According to investigators, Dick and his son were traveling about 30 mph when the fish jumped out of the water, impacting the vessel’s windshield and operator.

“This is the first sturgeon incident for 2016,” said Maj. Andy Krause, commander for the FWC’s North Central Region in Lake City. “Boaters need to be aware that these fish are in the Suwannee and Santa Fe rivers. We want people to enjoy the recreational opportunities on the rivers, but we also want people realize these fish do jump and can hurt you.”

During 2015, there were eight injuries and a fatality resulting from sturgeon strikes. There were no strikes reported in 2013 or 2014. Researchers attribute this to the high water levels in the river. Recently, the levels have been dropping and the sturgeon are jumping more frequently.

“Please don’t think this can’t happen to you, especially if the water levels continue to drop. If you are boating on the rivers during the summer months, there’s a good chance you could encounter a sturgeon jumping out of the water,” Krause said.

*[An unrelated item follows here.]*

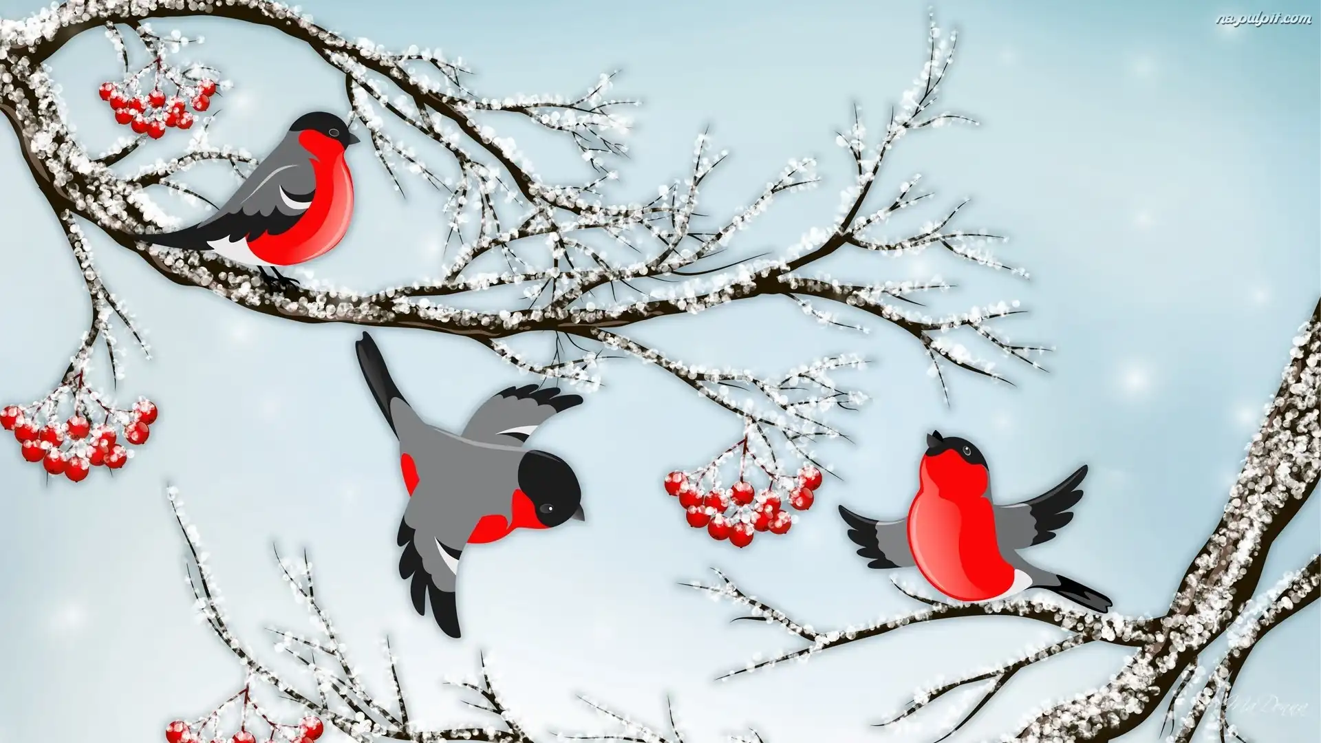 Grafika 2D, Gałązki, Gile, Jarzębina Na Pulpit

The FWC recommends going slow to reduce the risk of impact and to have more reaction time if a jumping sturgeon is encountered. All boaters are encouraged to wear their life jacket at all times while on the water and keep passengers off the bow of the boat.

“We certainly don’t want to scare people off the river. This is a beautiful area that everyone should enjoy,” Krause said. “However, please be aware these fish are there and they do jump.”

These collisions aren’t attacks and the fish aren’t targeting boaters. They are simply doing what they have been doing for eons: jumping. Researchers have discovered sturgeon jump for two reasons: to fill their swim bladders to maintain neutral buoyancy and to communicate with other fish.

While it is possible for them to jump anywhere in the river, sturgeon in the Suwannee are more commonly observed jumping where they gather in “holding” areas. Major holding areas in the Suwannee occur above Jack's Sandbar; below Manatee Springs; between Fanning Spring and Usher Landing; below Old Town Trestle; below the conjunction of the Santa Fe and Suwannee rivers; near Rock Bluff; and below Anderson Springs. There are a number of less important holding areas as well.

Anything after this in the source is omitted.